» Assignment
An exact transcription is needed of the lines below from the one with "Finches in Spring" through the one with "introduction 1. pas", with no other lines and no pictures.

» Data extracts

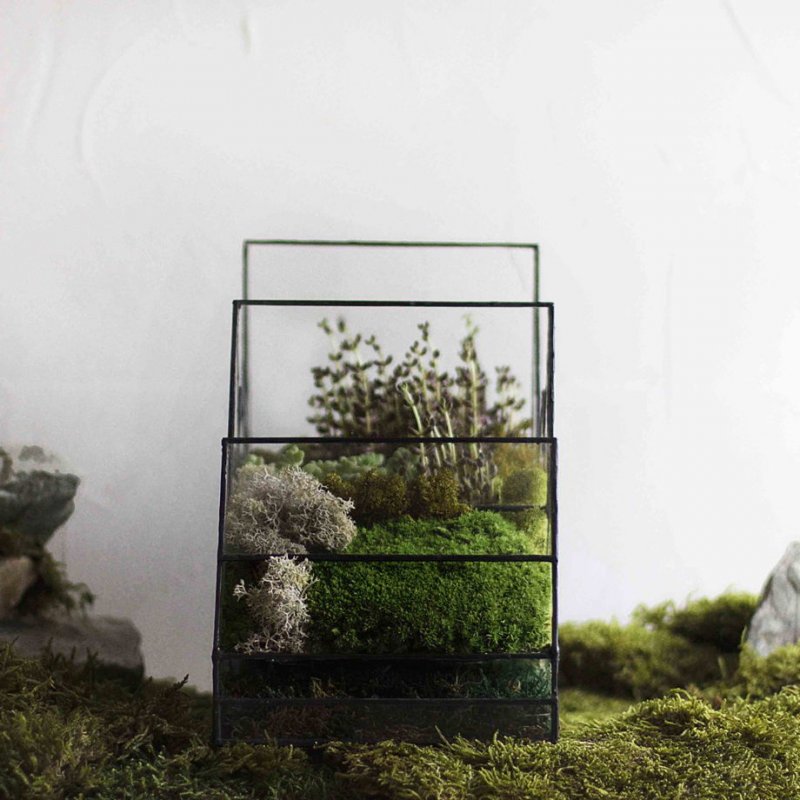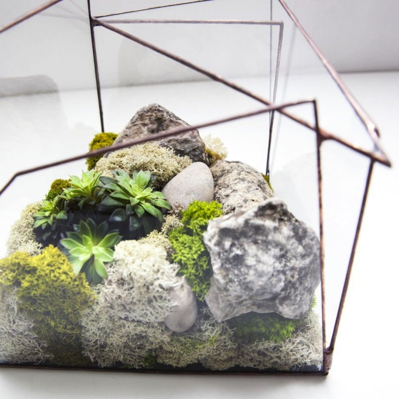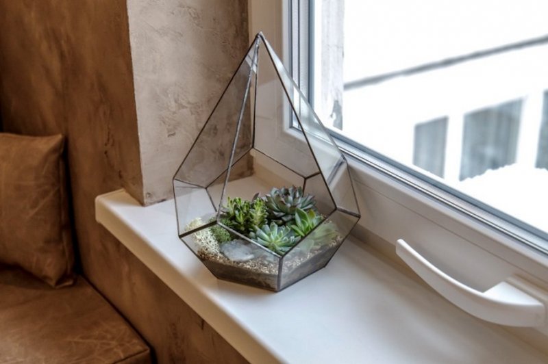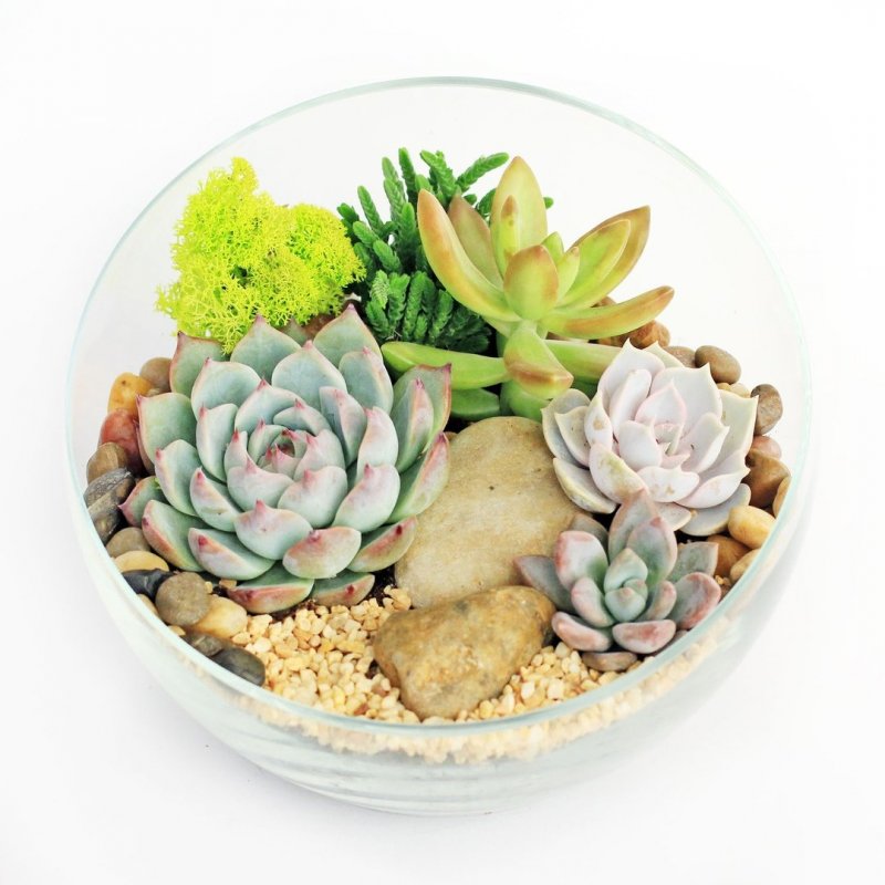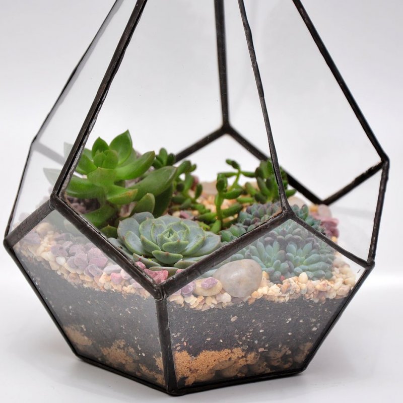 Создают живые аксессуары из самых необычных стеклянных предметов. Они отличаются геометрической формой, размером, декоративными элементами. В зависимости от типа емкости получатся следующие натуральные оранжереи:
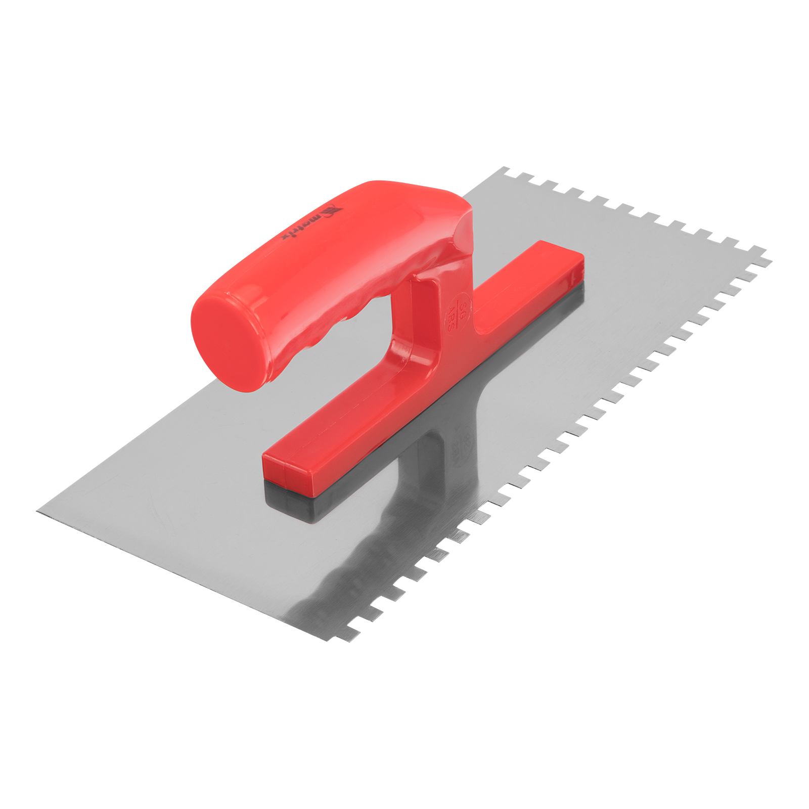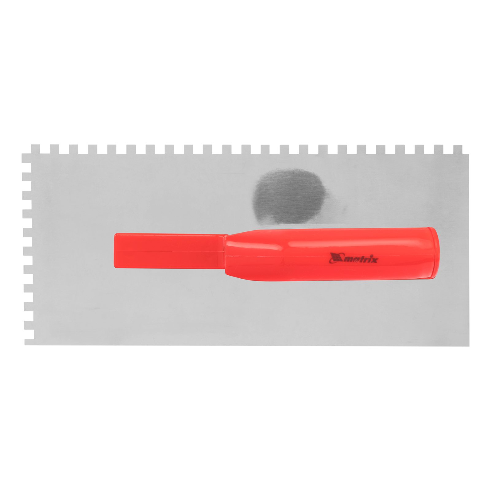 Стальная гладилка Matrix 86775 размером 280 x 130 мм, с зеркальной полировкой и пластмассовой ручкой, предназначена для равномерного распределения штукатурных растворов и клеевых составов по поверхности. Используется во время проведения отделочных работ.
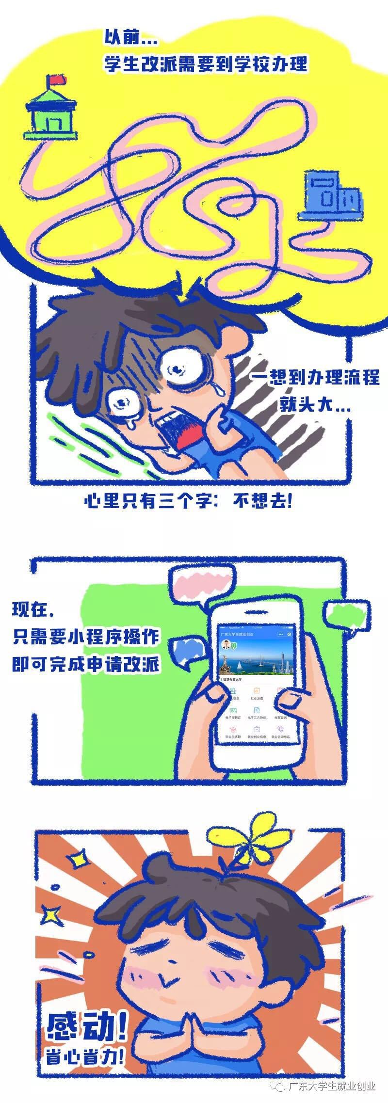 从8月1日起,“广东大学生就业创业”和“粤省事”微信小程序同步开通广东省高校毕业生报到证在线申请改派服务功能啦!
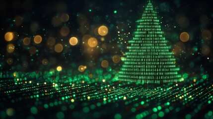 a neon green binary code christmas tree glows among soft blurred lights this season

---

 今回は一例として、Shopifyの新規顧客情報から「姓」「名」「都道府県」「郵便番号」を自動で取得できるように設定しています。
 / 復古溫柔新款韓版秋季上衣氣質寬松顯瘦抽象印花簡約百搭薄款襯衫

--

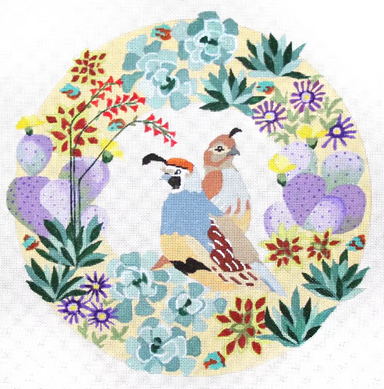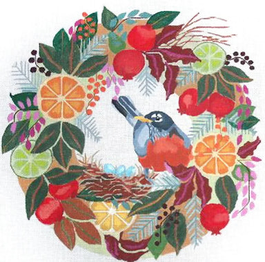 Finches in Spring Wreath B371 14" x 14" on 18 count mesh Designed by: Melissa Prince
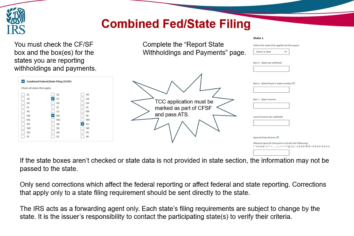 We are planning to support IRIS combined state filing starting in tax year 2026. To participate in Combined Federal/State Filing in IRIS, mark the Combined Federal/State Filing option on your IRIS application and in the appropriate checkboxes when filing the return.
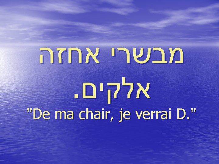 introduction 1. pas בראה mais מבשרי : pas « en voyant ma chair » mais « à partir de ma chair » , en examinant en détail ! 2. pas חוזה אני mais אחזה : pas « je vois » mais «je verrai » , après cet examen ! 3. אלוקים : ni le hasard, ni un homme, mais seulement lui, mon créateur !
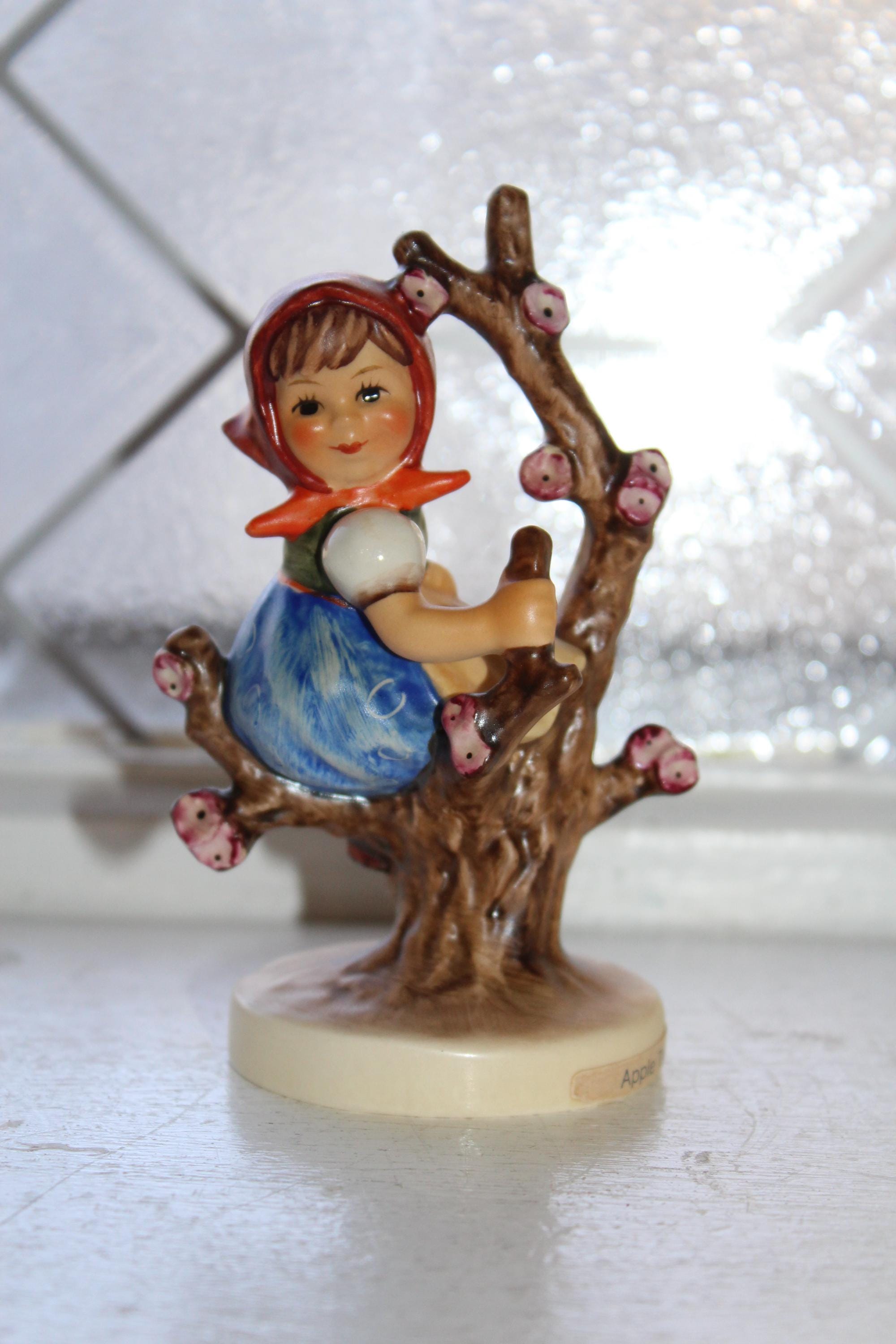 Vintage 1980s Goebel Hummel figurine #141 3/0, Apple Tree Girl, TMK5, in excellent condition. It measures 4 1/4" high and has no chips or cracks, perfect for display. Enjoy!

» Exercise output
 Finches in Spring Wreath B371 14" x 14" on 18 count mesh Designed by: Melissa Prince
 We are planning to support IRIS combined state filing starting in tax year 2026. To participate in Combined Federal/State Filing in IRIS, mark the Combined Federal/State Filing option on your IRIS application and in the appropriate checkboxes when filing the return.
 introduction 1. pas בראה mais מבשרי : pas « en voyant ma chair » mais « à partir de ma chair » , en examinant en détail ! 2. pas חוזה אני mais אחזה : pas « je vois » mais «je verrai » , après cet examen ! 3. אלוקים : ni le hasard, ni un homme, mais seulement lui, mon créateur !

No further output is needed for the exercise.